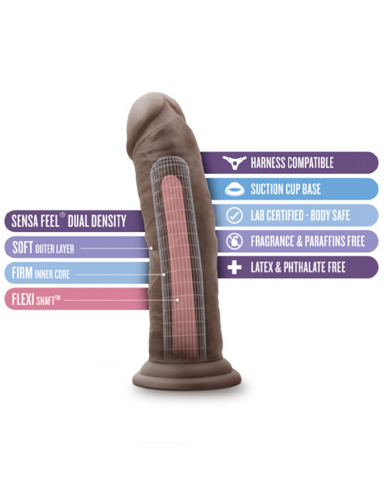 Au Naturel 8 Inch Realistic Feel Dual Density Suction Cup Dildo - Dark Chocolate
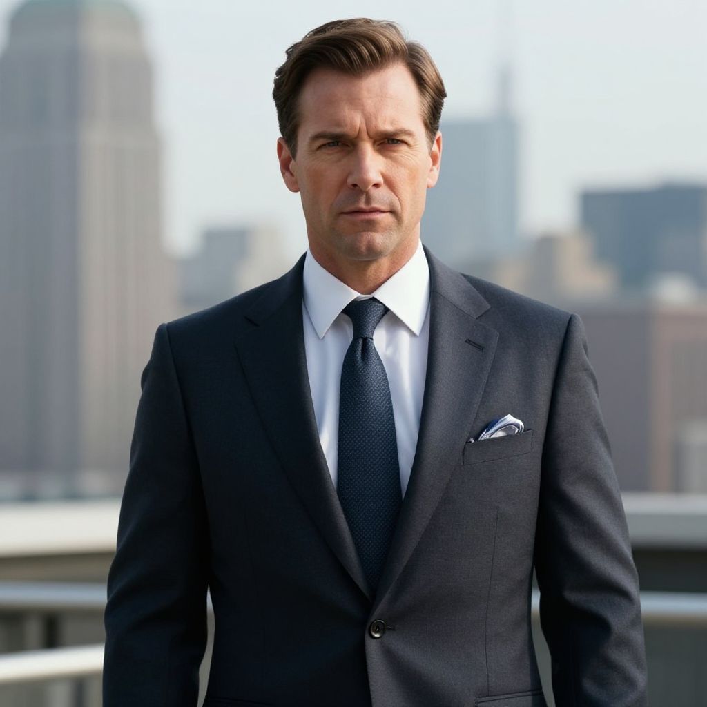 The image features a man dressed in a stylish Foggy Nelson costume, exuding sophistication against a backdrop of an urban skyline. His tailored suit, complete with a tie and pocket square, embodies the essence of the character known for his sharp intellect and legal expertise.
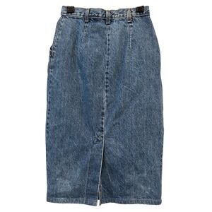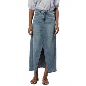 Keywords: denim skirt, maxi length, vintage style, blue jeans, casual wear, midi skirt, back vent, classic fit, everyday, workwear, staple piece, basic
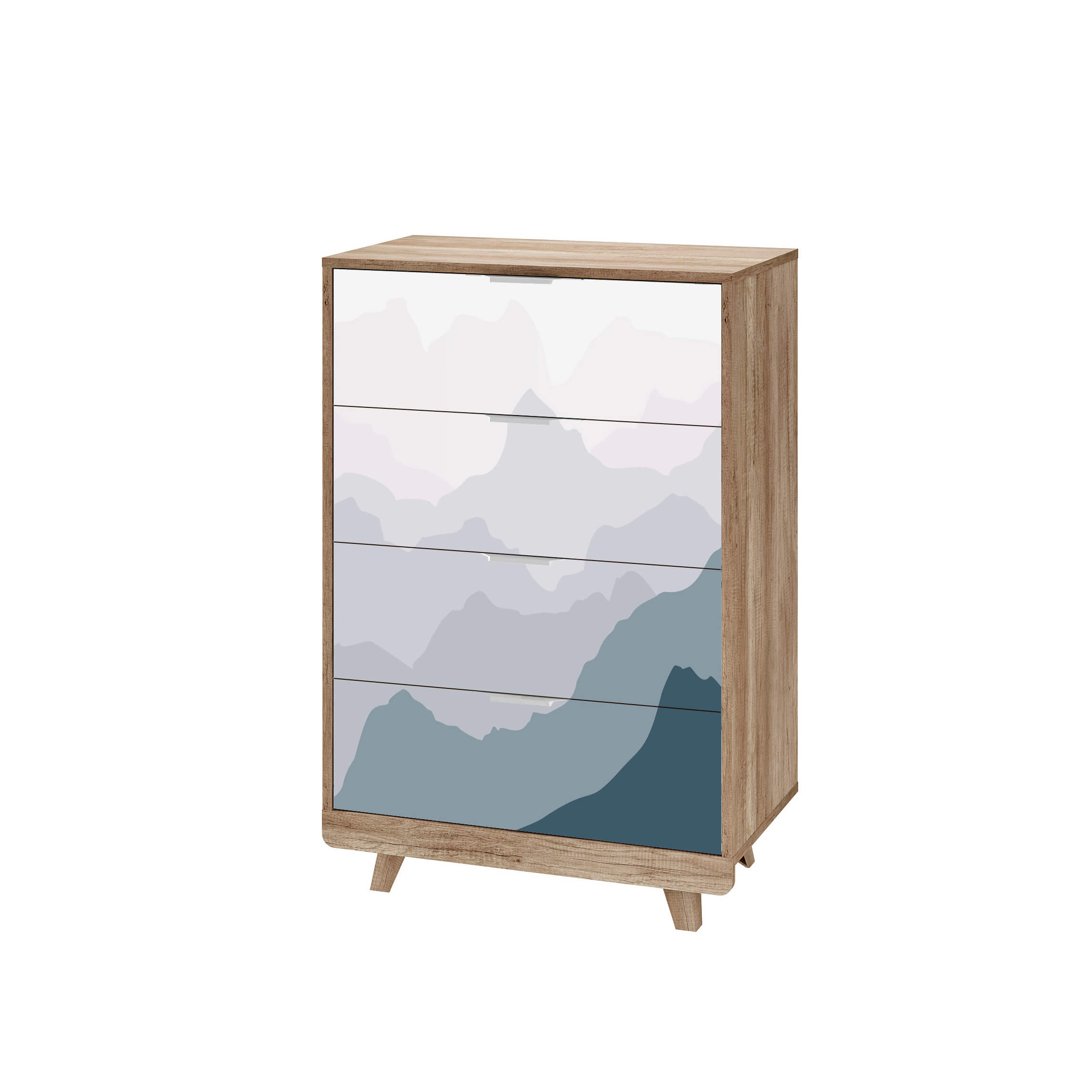 Особый шарм комодам «Мегаполис» придают трендовые цветовые решения фасадов, которые идеально вписываются практически в любой стиль. Оригинальная фрезеровка и эксклюзивная фотопечать выглядит очень эффектно и эксклюзивно. Пыли и грязи на таких поверхностях совершенно не видно, а это огромный плюс для домохозяек! Комод (КМ-02) состоит из четырёх выдвижных ящиков на шариковых направляющих для хранения одежды, пастельного белья и других хозяйственных аксессуаров. Цветовая палитра фасадов комодов впервые разбавлена фасадами с качественной фотопечатью.
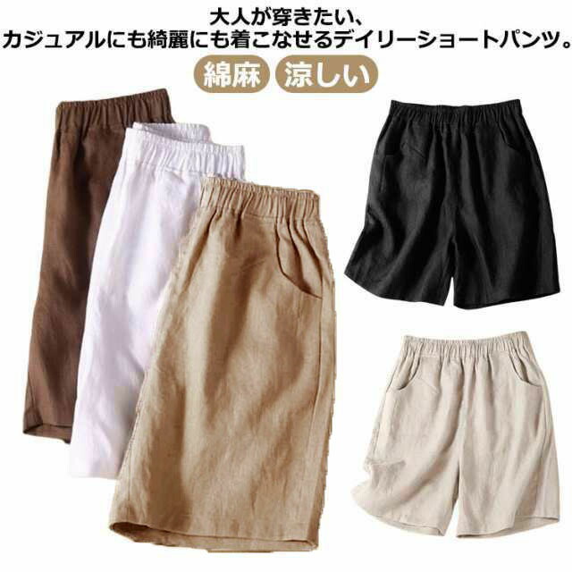 リネン パンツ 5分丈 レディース 綿麻パンツ サマー パンツ ハーフパンツ 春夏 カジュアル 無地 ポケット 涼しい 快適
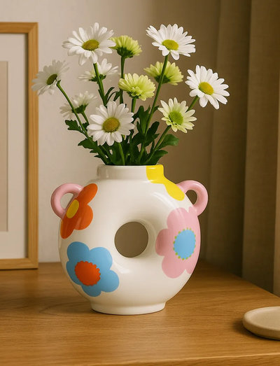 De strålende gule blomster og de smukt afrundede former er en hyldest til solens livgivende lys. De dekorative håndtag prydet med træperler tilføjer et organisk og naturligt touch, der gør vasen endnu mere iøjnefaldende.
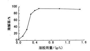 由图2可知,溶胶用量较少时,污物降解率较低,这是因为光源产生的光子不能被充分吸收,光催化反应效率较低;增加溶胶用量,污物降解率迅速升高,当溶胶质量浓度为
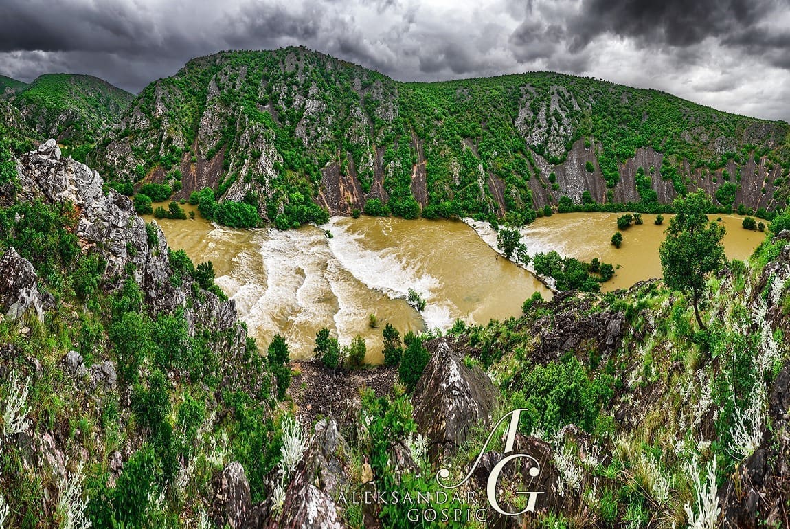 "Rijeka Krupa grmi kroz svoj kanjon, dok iz olovnih oblaka kiša neumorno pada", stoji u opisu fotografije.
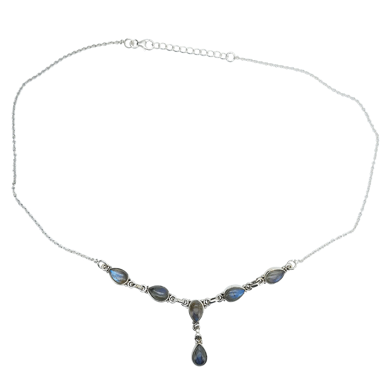 Labradorite Sterling Silver Necklace. Teardrop-shaped gemstones set in .925 sterling silver.
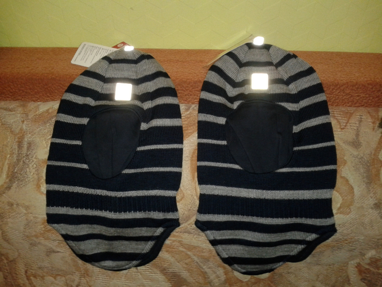 А это для младшего, размеры 48-50. В этом году пойдем в сад, поэтому шлемиков подкупила (хотя есть еще в запасе от старшего))), ну и просто шапочек. Полосатый шлемик купила двух размеров: 48 и 50, не знаю какой подойдет. Цена в Мазе была смешная 600 с чем-то, около 700 руб.), а осенью разберемся... Этот шлем очень теплый, на морозы: шерсть + утеплитель, на х/б подкладке. 1000 руб. - Дет. мир.
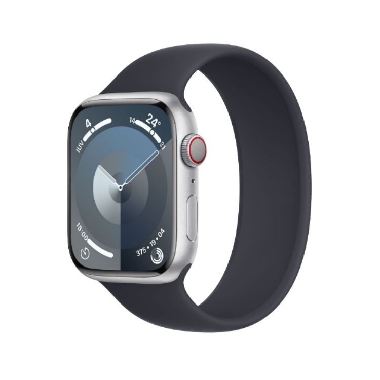 Una mente más brillante. El chip más potente jamás creado para el Apple Watch. Una nueva forma mágica de interactuar con el reloj sin tocarlo. El doble de brillo en la pantalla. Y ahora combinaciones de cajas y correas neutras en carbono.. Nunca subestimes el poder de una mente brillante. . Potencia para ir por delante. El Apple Watch Series 9 lleva un chip creado a medida por Apple para hacerlo más eficiente, rápido y fácil de usar. Estrena una CPU de doble núcleo con 5.600 millones de transistores, un 60 % más que el S8. También un Neural Engine de cuatro núcleos, que procesa las tareas de aprendizaje automático hasta el doble de rápido. Todo esto, por complicado que suene, hace posible que disfrutar de las nuevas prestaciones sea muy simple: como el gesto de doble toque.. . Innovación deslumbrante.. La pantalla avanzada del Series 9 lleva el brillo máximo hasta los 2.000 nits, dos veces más que el Series 8. No solo se ve de lujo a pleno sol, sino que baja a 1 nit cuando hace falta discreción. Perfecto para no dar la nota en el cine.. . Reimaginado.Reluciente.. El nuevo sistema operativo aprovecha cada milímetro de la pantalla del Apple Watch. Casi todas las apps se han rediseñado para mostrar más información de un vistazo. Desde cualquier esfera, solo tienes que girar la Digital Crown para acceder a los widgets del Grupo Inteligente y dar con lo que necesitas. Además, las prestaciones de salud mental y visual te ayudan a cuidar cuerpo y mente desde la muñeca.. . El primer producto Apple neutro en carbono llega puntual. Gracias a los últimos avances en materiales, energía limpia y métodos de envío menos contaminantes, el Apple Watch ahora está disponible en combinaciones de cajas y correas neutras en carbono.. . Información importante de un vistazo. El Apple Watch te ayuda a entender mejor tu salud mental y física. La seguridad y privacidad de tus datos están garantizadas. Y en el caso de que quieras compartirlos con especialistas, amigos o familiares, serás tú quien decida qué y con quién.. . Hora de mirar tu corazón. Comprueba tus pulsaciones con la app Frecuencia Cardiaca y recibe un aviso si están muy por encima o por debajo de los valores normales.. . Mide tu oxígeno en sangre. Una innovación muy alentadora. El Apple Watch Series 9 incorpora una app y un sensor avanzados para que midas tu saturación de oxígeno cuando quieras, o de forma automática a lo largo del día y de la noche. . Tiempo para soñar. La app Sueño no solo cuenta las horas que duermes. También te dice el tiempo que has pasado en las fases de sueño REM, esencial y profundo, y cuántas veces te has despertado. Disfruta de la tierra de los sueños.. . Registra tu estado de ánimo. En la app Mindfulness del Apple Watch puedes escoger imágenes elocuentes para ayudarte a expresar emociones puntuales y tu estado de ánimo diario. Desarrolla una rutina gracias a las notificaciones y complicaciones de la esfera.. . El tiempo vuela, tu reloj también. Con el Apple Watch en la muñeca siempre estás en contacto con lo que te importa. Si tienes un modelo con conexión móvil, ni siquiera te hace falta llevar el iPhone encima para hacer de todo. . La libertad te llama. Contesta una llamada desde un puerto de montaña. Responde un mensaje mientras haces abdominales. Consulta una notificación desde el parque. ¿Y tú teléfono? Pues tan tranquilo en casa.. . Escucha música y podcasts. Apple Music tiene millones de canciones para ponerte las pilas.8 Además, puedes disfrutar de tus podcasts favoritos o entretenerte con un audiolibro. . Pura motivación.. ¿Qué te pide el cuerpo? Tu muñeca es una fuente inagotable de entrenamientos. Empieza el que quieras con un toque y personaliza la vista con los datos que necesites para que nada se te haga cuesta arriba. Como resiste lo que le eches, puedes sudar la camiseta o el maillot a fondo. El Apple Watch nunca te abandona.. . Piernas, core o estiramientos. Este reloj está preparado para todo. Le da lo mismo ejercicios de fuerza o intervalos de alta intensidad que pilates y meditación. El Apple Watch te ofrece montones de formas de entrenar junto con la información más útil.. . Salud de hierro. El grosor del vidrio delantero, la geometría estructural y la base plana del Apple Watch son el secreto de su gran resistencia. Además, puedes sumergirte con él hasta 50 metros de profundidad.. . Pide ayuda. Es tan fácil como llevar tu reloj.. El Series 9 puede llamar al 112 si has tenido un accidente de coche, has sufrido una caída grave o necesitas asistencia urgente.. . Detección de accidentes. El Apple Watch Series 9 puede detectar si has sufrido un accidente de coche grave, y automáticamente llama a los servicios de emergencia, les envía tu ubicación y avisa a los contactos que hayas definido.. . Detección de caídas. El Apple Watch Series 9 detecta si has sufrido una caída brusca y llama de manera automática a los servicios de emergencia si no eres capaz de moverte. Esta prestación está optimizada para la app. . Especificaciones:. . Caja de 45 mm. Aluminio. Altavoz. Micrófono. Digital Crown con respuesta háptica. Botón lateral. Gesto de doble toque^. Pantalla Retina OLED LTPO siempre activa. Pantalla de borde a borde. Vidrio delantero Ion-X (modelos de aluminio). Cristal delantero de zafiro (modelos de acero inoxidable). Hasta 2.000 nits de brillo. Brillo mínimo de 1 nit. SiP S9 con procesador de doble núcleo de 64 bits. Neural Engine de 4 núcleos de Apple. 64 GB de capacidad. Sensor óptico de frecuencia cardiaca de 3.ª generación. Notificaciones de frecuencia cardiaca alta o baja. Fases de sueño. Sensor de temperatura3. Brújula. Altímetro siempre activo. Acelerómetro de fuerza g alta. Fuerzas de hasta 256 g con detección de caídas y de accidentes. Giroscopio de alto rango dinámico. Sensor de luz ambiental. Emergencia SOS4. Llamadas de emergencia internacionales5. Detección de accidentes4. Detección de ca
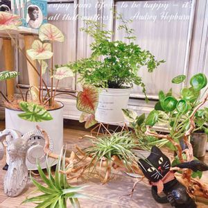 500pic ヾ(●︎´∇︎`●︎)ノ ワ~イ アジアンタム ピレアペペロミオイデス エアプランツ ペペロミア カラジウム クロネコ ヤギ Audrey Hepburn コツコツがんばったにょᕕ( ᐛ )ᕗ
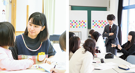 実習・研修の現場での体験から得た保育に関する事例を大学の授業で振り返ります。保育現場の学びの中から実践的研究・社会人基礎力・保育構想力を備えた保育実践力を育成し、保育者としての成長に繋げていきます。
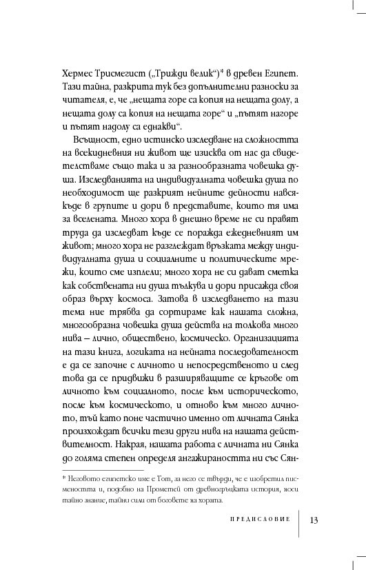 Говори се, че тайната на вселената някога е била съобщена на Хермес Трисмегист („Трижди велик“) в древен Египет. Тази тайна, разкрита тук без допълнителни разноски за читателя, е, че „нещата горе са копия на нещата долу, а нещата долу са копия на нещата горе“ и „пътят нагоре и пътят надолу са еднакви“.
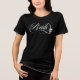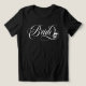 Bride t-shirt for a goth wedding with bride printed across the chest in a swirly calligraphy script with a skull in one of the loops. On the back, Til death to us part with your names and wedding date. Personalized til death do us part t-shirt for the bride, printed on both front and back and customized with the bride and groom's names and wedding date. Get the matching tee for the groom too!
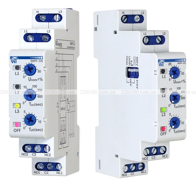 RNPP-312 призначене: для контролю допустимого рівня напруги.для контролю правильного чергування і відсутності злипання фаз.для контролю повнофазності і симетричності напруги мережі (перекосу фаз).для вимкнення навантаження при неякісній напрузі мережі.для контролю напруги мережі після вимкнення навантаження і автоматичного увімкнення її після відновлення параметрів напруги.для відображення аварії при виникненні аварійної ситуації і відображення наявності напруги на кожній фазі.У виробі передбачені можливості регулювання параметрів (порогу спрацьовування за напругою, часу АПВ і часу затримки спрацьовування захисту), вибору напруги мережі, що контролюється (400 В або 415 В) і набору захисних функцій.Після відновлення параметрів напруги мережі виріб знову вмикає навантаження через час АПВ.RNPP-312 працює в різних режимах:Контроль мінімальної / максимальної напруги.Контроль мінімальної напруги.Контроль максимальної напруги.Контроль наявності фаз.Контроль неправильного чергування і наявності злипання фаз.Контроль перекосу фаз. Контроль наявності фаз зберігається в будь-якому режимі роботи. В усіх режимах роботи виріб спрацьовує при обриві фаз або зниженні напруги нижче 100 B на одній або декількох фазах за фіксований час 0,2 сВиріб на виході має дві групи незалежних вихідних перекидних контактів (NO1-C1-NC1, NO2-C2-NC2).В «ХОЛОДНОМУ СТАНІ» (виріб без напруги, не підключений) контакти C1-NC1 (C2-NC2) замкнені, а контакти NO1-C1 (NO2-C2) розімкнені. Коли реле навантаження спрацьовує, вимкнення навантаження відбувається шляхом розриву ланцюга живлення котушки МП через контакти NO1-C1 (NO2-C2), за виключенням режиму «Контроль максимальної напруги», в якому виріб працює із зворотною логікою увімкнення.Переваги:Підключення через пускач.Можливість відключення захисних функцій.Перекидний контакт.Дуже компактний розмір.Перешкодозахищеність завдяки імпульсному блоку живлення.Декілька режимів роботи.Сфера застосування:Для контролю фазових та лінійних напруг в трифазній мережі.Для захисту трифазного або, в деяких випадках, однофазного обладнання від аварій в трифазній мережі, як-то: аварія за напругою, неправильне чергування та злипання фаз, неповнофазність та несиметричність напруги.Ідеально підходить для захисту холодильних та вентиляційних установок, шафів АВР.В компактних шафах керування, де є необхідність економити місце.Основні можливості:Контроль дозволеного рівня діючого значення напруги.Контроль правильного чергування фаз та відсутності їх злипання.Контроль повнофазності та симетричності мережевої напруги.Вимикання навантаження шляхом розмикання ланцюга живлення котушки магнітного пускача у разі виникнення умов для спрацьовування.Контроль якості напруги мережі після відключення навантаження та його автоматичне увімкнення після відновлення параметрів напруги.Можливість відключення захисних функцій.* якщо аварія виникла за мінімальною напругою, фіксований час спрацьовування виробу становить 12 с, за умови, що перемикачі Umax і Umin знаходяться в положенні “Увімкнено”. За будь-якої іншої комбінації перемикачів Umax і Umin, виріб спрацьовує через час затримки, заданого Користувачем ручкою Тoff(sec). Якщо протягом цього часу відбудеться зміна параметрів мережі, наприклад, за максимальною напругою, виріб спрацює за найменшим з періодів – через 
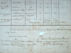 Gustave Croy-Solre (prince de) (Château de l'Ermitage, près de Condé, 1773/1844)"Etat du traitement de MM. les chanoines du 2ème ordre, des autres ecclésiastiques et des frais d'entretien ordinaire du chapitre royal de Saint-Denis, pendant le deuxième trimestre de 1822, à ordonnancer sur le crédit de 200.000 f. ouvert par les ordonnances du 23 décembre 1816, 17 mars 1819 et 10 août 1820". Présenté sous forme de tableau qui répertorie le nom, la qualité et l'émargement des chanoines, ainsi que la durée de fonction, le montant du traitement et la "somme à ordonner à raison du service effectif". Chaque chanoine a signé le document en échange de son traitement. Sont également détaillées les "dépenses de la maison des clercs" : emploi des professeurs, entretien des jeunes clercs, des enfants de choeur, etc. Le document est en outre approuvé et signé par le grand aumônier de France, le prince de Croÿ.
○ ○ ○ ○ ○ ○ ○
### [TASK BRIEF]
From the records above, copy only the lines running from the line containing "u opisu fotografije." to the line containing "Labradorite Sterling Silver", both ends included. Leave the pictures out.

### [SOLUTION FOR THIS TASK]
 "Rijeka Krupa grmi kroz svoj kanjon, dok iz olovnih oblaka kiša neumorno pada", stoji u opisu fotografije.
 Labradorite Sterling Silver Necklace. Teardrop-shaped gemstones set in .925 sterling silver.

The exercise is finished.